Excerpts from a dataset:
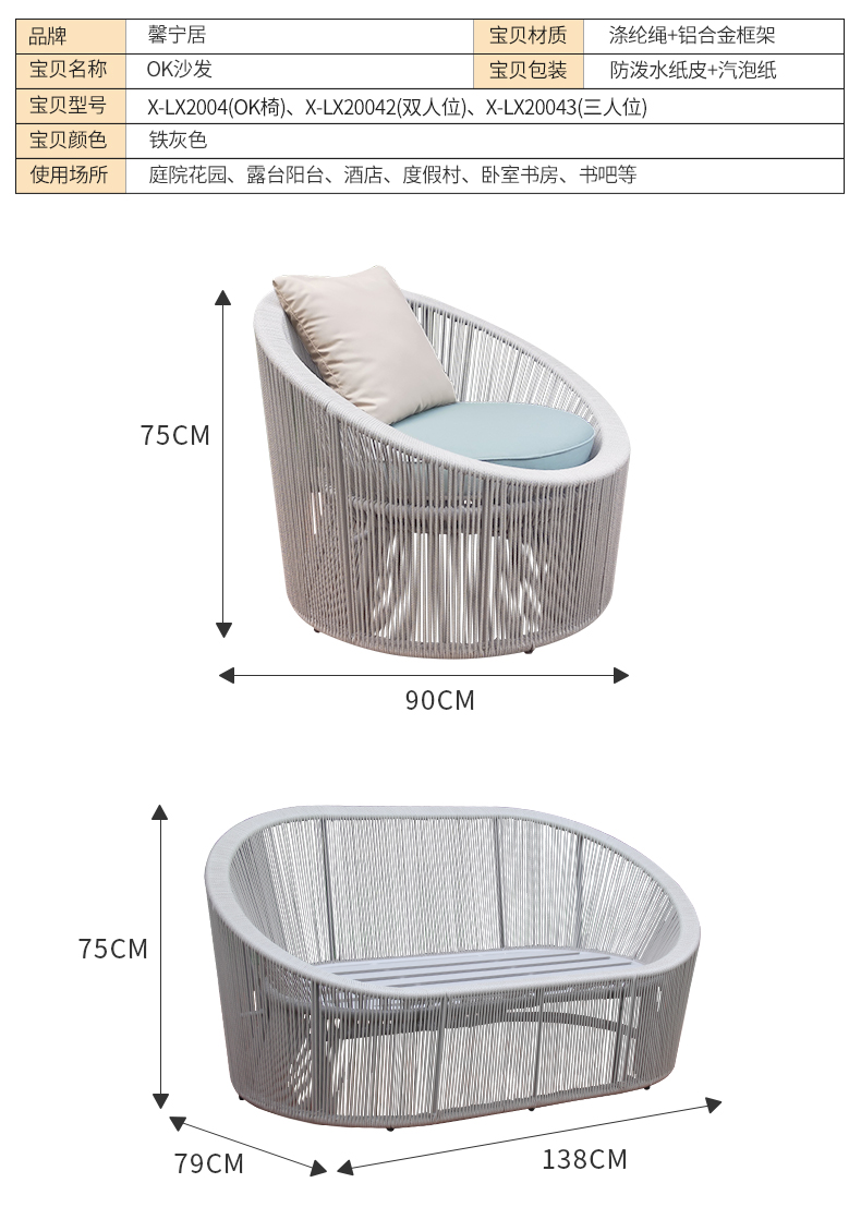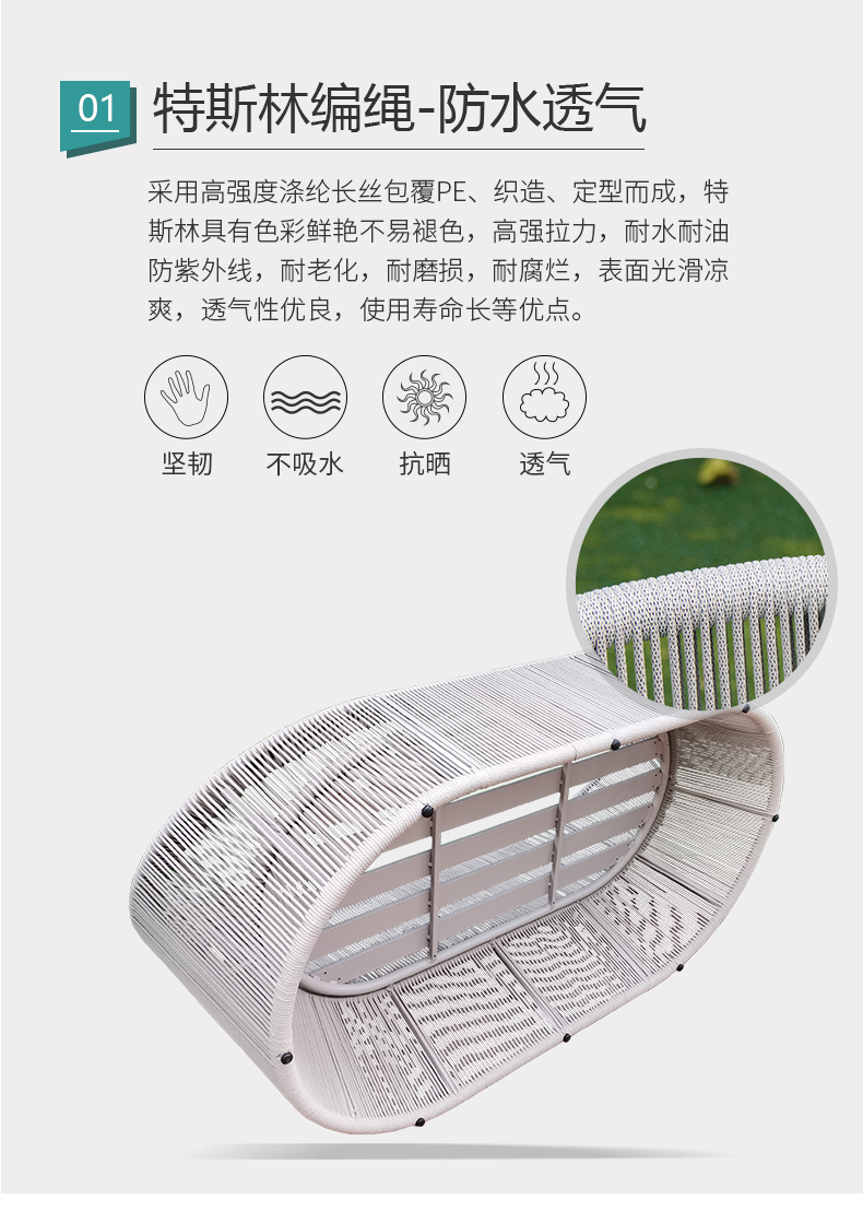 - 材質(zhì):鋁合金框架+特斯林繩+進(jìn)口坐墊軟包
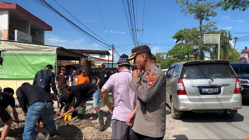 Sedangkan sebagian personel Polsek Singkawang Barat ada yang turut kerja Bhakti dan ada juga yang mengatur kelancaran arus lalu lintas di beberapa titik kerja bhakti sehingga tidak ada penyumbatan kendaraan selama Kerja Bakti berlangsung.
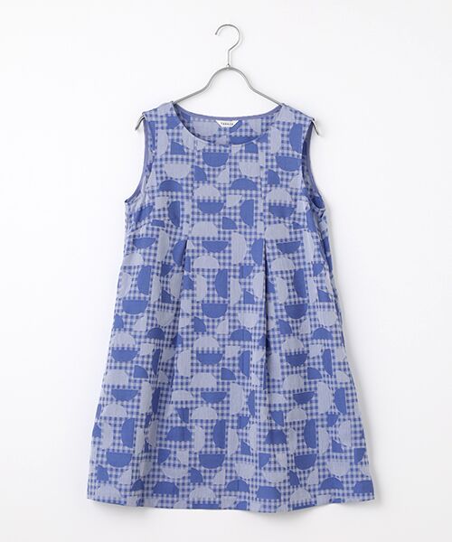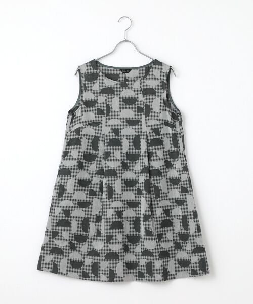 【タバサ オリジナル素材】首元から入れたタックがタテのラインを強調し、すっきりとお召しいただけるノースリーブのチュニックです。シルエットはAラインで、細身パンツでもワイドパンツでも相性が良く、気分に合わせてコーディネートできます。透け感がほとんどないのもうれしいポイントです。*両脇にポケットつき【生地】タテ糸にシロ糸、ヨコ糸にカラー糸を使用して、ジャガード織りでギンガムとハーフサークル等の幾何柄を表現したタバサオリジナルの素材です。軽く柔らかで、さわってみると微妙に凹凸感があります。デリケートな素材ですので、着用時にはベルトやバック及び周囲の壁や椅子などの表面の粗いものとの摩擦や引っかけにご注意ください。
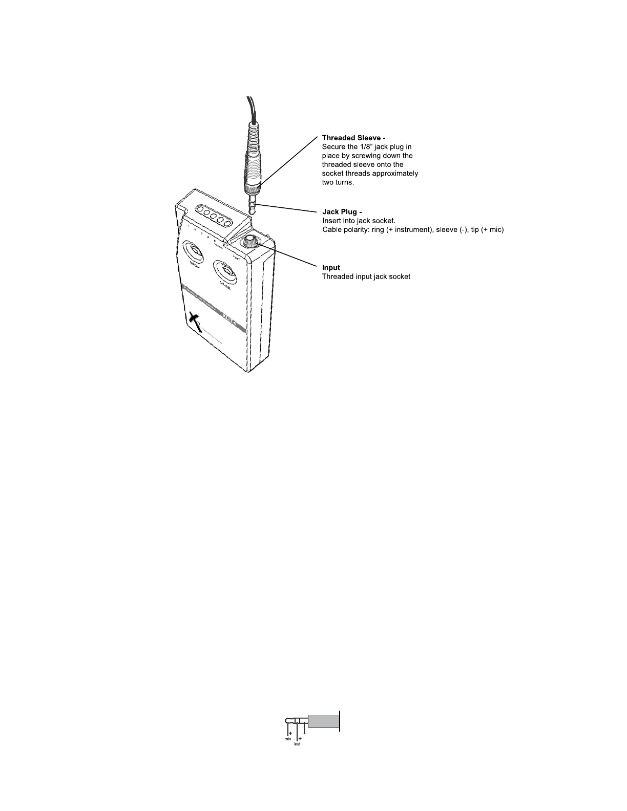 1/8" TRS locking connector, ring (+, instrument), sleeve (ground), tip (+, mic)
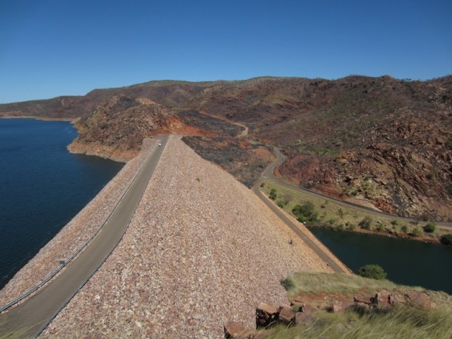 The big event today other than poking around the burnt boab country was a visit to the Argyle Dam. The wall is not Hoover Dam in mass or size but it is impressive and it does hold back a mass of water, twelve times the amount in Sydney Harbour if that means anything to you. The geological formations surrounding the dam are awesome; it is impossible to imagine how much force was required to sculpt the countryside.
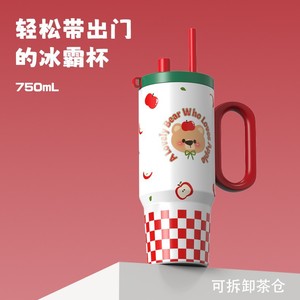 大容量保温杯手柄吸管316不锈钢花茶果茶居家办公女生高颜值水杯
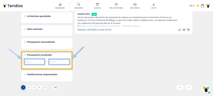 Ya puedes utilizar el buscador. Solo te aparecerán aquellas licitaciones en las que su presupuesto esté contenido en el rango que hayas determinado.
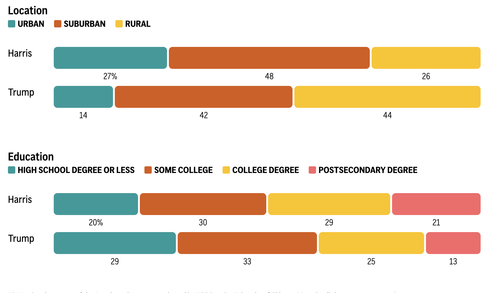 As for demographics, AP VoteCast surveyed 120,000 voters nationwide and came up with good graphics, e.g.,

**Task prompt:** For this answer, return word for word the lines from the first line of the records through the line containing "tip (+, mic)". Omit the pictures.

**Exercise answer:**
 - 材質(zhì):鋁合金框架+特斯林繩+進(jìn)口坐墊軟包
 Sedangkan sebagian personel Polsek Singkawang Barat ada yang turut kerja Bhakti dan ada juga yang mengatur kelancaran arus lalu lintas di beberapa titik kerja bhakti sehingga tidak ada penyumbatan kendaraan selama Kerja Bakti berlangsung.
 【タバサ オリジナル素材】首元から入れたタックがタテのラインを強調し、すっきりとお召しいただけるノースリーブのチュニックです。シルエットはAラインで、細身パンツでもワイドパンツでも相性が良く、気分に合わせてコーディネートできます。透け感がほとんどないのもうれしいポイントです。*両脇にポケットつき【生地】タテ糸にシロ糸、ヨコ糸にカラー糸を使用して、ジャガード織りでギンガムとハーフサークル等の幾何柄を表現したタバサオリジナルの素材です。軽く柔らかで、さわってみると微妙に凹凸感があります。デリケートな素材ですので、着用時にはベルトやバック及び周囲の壁や椅子などの表面の粗いものとの摩擦や引っかけにご注意ください。
 1/8" TRS locking connector, ring (+, instrument), sleeve (ground), tip (+, mic)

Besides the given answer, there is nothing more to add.